Two months ago, I had never built a real app in my life. Sure, I’d been doing business analysis and product management for 7-8 years, but actually writing code? That was for “real developers,” not for someone like me.
Then I stumbled across a Facebook post about Kiro releasing their public beta. I got lucky and snagged early access to their AI-powered development platform. Four hours later, I had a working tarot reading app running on my own domain, complete with Gemini API integration.
And honestly? I still can’t believe it actually worked.
The UI result section of the first Web App I have ever build
The Moment Everything Changed
Let me back up a bit. I was scrolling through a Vietnamese developer Facebook group (you know the ones—where everyone asks the same React questions over and over) when someone posted about Kiro’s free beta. I’d heard whispers about “vibe coding” but thought it was just another Silicon Valley buzzword.
But something made me click that registration link. Maybe it was curiosity. Maybe it was the fact that I’d been sitting on app ideas for years but never had the technical skills to build them.
Three days later, I got the acceptance email. And that’s when my whole perspective on software development changed forever.
The Spec-Driven Development (SDD) Process (Or: How I Learned to Stop Worrying and Love Requirements)
Here’s what I didn’t expect: Kiro didn’t just let me type “build me an app” and magically spit out code. It forced me to think like a product manager first, developer second.
The process started with something I was actually familiar with—writing requirements. But this time, instead of handing them off to a development team, I was working directly with an AI agent that could actually build what I described.
The workflow looked like this:
High-level product vision – What does this app do for users?
Detailed requirements – What specific features and behaviors?
System design – How should the pieces fit together?
Task breakdown – Step-by-step implementation plan
Execution – AI builds while I provide context and feedback
And you know what? This felt natural to me. I’d been doing the first four steps for years. The only difference was that step 5 actually resulted in working code instead of developer estimates and sprint planning meetings.
My First App: A Tarot Reading Experience (With Some Questionable Design Choices)
For my first project, I decided to build something personal—a tarot reading app that combined traditional divination with Vietnamese spiritual elements. The concept was simple: users input their name, date of birth, and birth time, then get personalized tarot and I-Ching readings powered by Gemini AI.
Now, you might ask: “Why do users need to input their birth time?”
Honestly? Two months ago, I had no idea. I just made up that requirement because it felt mystical and important. Classic product manager move—adding features without really understanding why.
But here’s the thing: the AI didn’t judge my questionable product decisions. It just built what I asked for.
The Technical Stack (Or: How I Accidentally Chose the Right Tools)

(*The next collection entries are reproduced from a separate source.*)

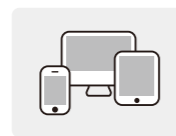
物联网智能系统 Network for smart intelligent system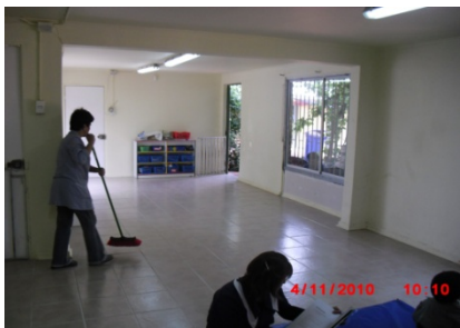
Rinconcito Mágico - Pudahuel, RM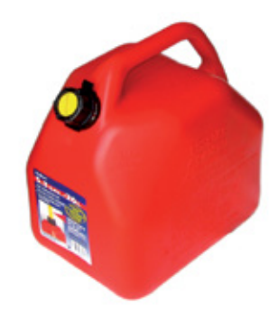
PART NO. 95-8462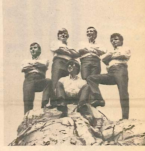
The Taxi have been creating a great deal of excitement around Sudbury.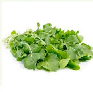
Arugula Cultivated Rocket

500 Seeds Rs. 90 10 gm Rs. 450 25 gm Rs. 800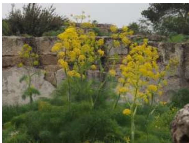
Ferula communis : Salamis. 2017 -03-12.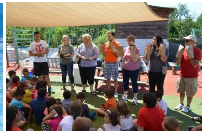
Our own psychology practices in Iași Enjoying the pool A programme with volunteers from the USA

I went with the simplest possible tech stack:
Python (Flask) for the backend
HTML/CSS/JavaScript for the frontend
Gemini API for the AI-powered readings
My home lab server for hosting
Why these choices? Because I literally didn’t know what else to use. Sometimes ignorance is bliss—I picked tools that were simple enough for a beginner but powerful enough to build something real.
The AI agent helped me understand each piece as we built:
“Flask is like a lightweight web server that handles requests”
“HTML structures your content, CSS makes it pretty, JavaScript makes it interactive”
“APIs are like asking another computer to do work for you”
It was like having a patient tutor who could also write code.
PlantUML Diagram:
The Build Process: 4 Hours of Pure Magic (And Confusion)
Here’s how those 4 hours actually broke down:
Hour 1: Requirements and Planning
I spent the first hour writing out exactly what I wanted:
User inputs personal information
System generates personalized tarot reading
Clean, mystical interface design
Integration with AI for interpretations
Basic security to prevent API abuse
The AI agent asked clarifying questions that made me think deeper:
“What happens if the user doesn’t know their birth time?”
“How many tarot cards should be drawn?”
“What style of interpretation do you want?”
Hour 2: System Design and Setup
The AI helped me understand the architecture and set up the development environment. This is where I learned about:
How web applications actually work
Why we separate frontend and backend
What APIs are and how to use them
Basic security considerations
Hour 3: Core Development
This was the magical part. I described what I wanted, and code appeared. But it wasn’t just random code—it was structured, commented, and actually made sense because the AI had full context of the project.
Hour 4: Testing and Bug Fixes
Even with AI help, things didn’t work perfectly the first time. But debugging was different—instead of hunting through stack traces, I was having conversations:
“The form isn’t submitting properly”
“The API response isn’t displaying correctly”
“The styling looks weird on mobile”
Each issue got fixed within minutes because the AI understood the entire codebase.
The Deployment Surprise: From Local to Live in Minutes
After the app was working locally, I wanted to show it to my friends from my VGU master’s program. That meant deploying it to a real server.
In the old world, this would have involved:
Setting up a production server
Configuring databases
Managing SSL certificates
Setting up CI/CD pipelines
With my home lab and Cloudflare tunnels, it took about 20 minutes:
Upload the code to my server
Set up a Cloudflare tunnel
Point my domain to the tunnel
Add some basic rate limiting
Suddenly, I had a real app running on my own domain. My friends were shocked—they knew me as the “business guy,” not someone who could build and deploy applications.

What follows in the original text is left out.